This simple driver does not save file updates separately from an image via CoW, but instead creates a complete copy of the image for each newly started container. It can, therefore, run on top of any file system. While this driver is not recommended for production due to its inefficiency, we discuss it in our evaluation because it is very stable and offers as a good baseline.

2.2.3 Aufs

Another Union File System [5] is a union file system that takes multiple directories, referred to as branches, and stacks them on top of each other to provide a single unified view at a single mount point. Aufs performs file-level CoW, storing updated versions of files in upper branches. To support Docker, each branch maps to an image layer.

To find a file, Aufs searches each layer/branch from top to bottom until the required file is found. Once found, a file can be read by the container. To update a file, Aufs first creates a copy of the file in the top writeable branch, and then updates the newly copied file. Deletes are handled by placing a whiteout file in the top writeable layer, which obscures all versions of the file in the lower layers. Aufs performance depends on many factors—application access pattern, the number of files, distribution of files across layers, and file sizes.

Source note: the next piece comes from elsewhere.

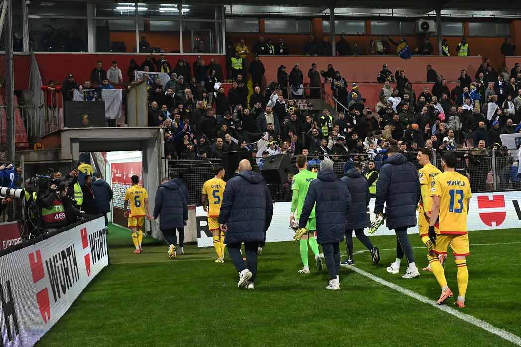 Fotbalistii romani parasesc tristi terenul dupa meciul de fotbal dintre Bosnia Hertegovina si Romania, din cadrul Preliminariilor Campionatului Mondial 2026, desfasurat pe Stadionul Bilino Polje din Zilina, sambata 15 noiembrie 2025. © FOTO:Razvan Pasarica/SPORT PICTURES

2.2.4 Overlay and Overlay2

Both of these drivers rely on the same underlying file system—OverlayFS [6]—which is another implementation of a union file system. Unlike Aufs, OverlayFS is in the Linux kernel mainline and is therefore available in many Linux distributions out of the box. The Overlay driver was created for an earlier version of OverlayFS that supported only two layers: a read-only “lower” layer and a mutable “upper” layer. To merge several read-only layers the Overlay driver creates hardlinks to the shared files which can lead to inode exhaustion problems.

The Overlay2 driver relies on the newer version of OverlayFS (kernel 4.0 and higher) which already supports 128 lower branches and therefore can merge up to 128 read-only layers without using hardlinks. In this paper we do not evaluate the older Overlay driver, and instead focus on the newer Overlay2 driver.

2.2.5 Device-mapper (dm)

Unlike other storage drivers, dm operates at the block level instead of the file system level. This driver uses the Linux device-mapper subsystem to create thin-provisioned block devices. First, an administrator creates a pool, which typically stacks on top of two physical devices—one for user data and one for device-mapper metadata (e.g., block mappings). Second, when Docker creates a container, the dm driver allocates an individual volume for the container from the pool. To benefit from CoW, dm usually creates volumes as writable snapshots of existing volumes.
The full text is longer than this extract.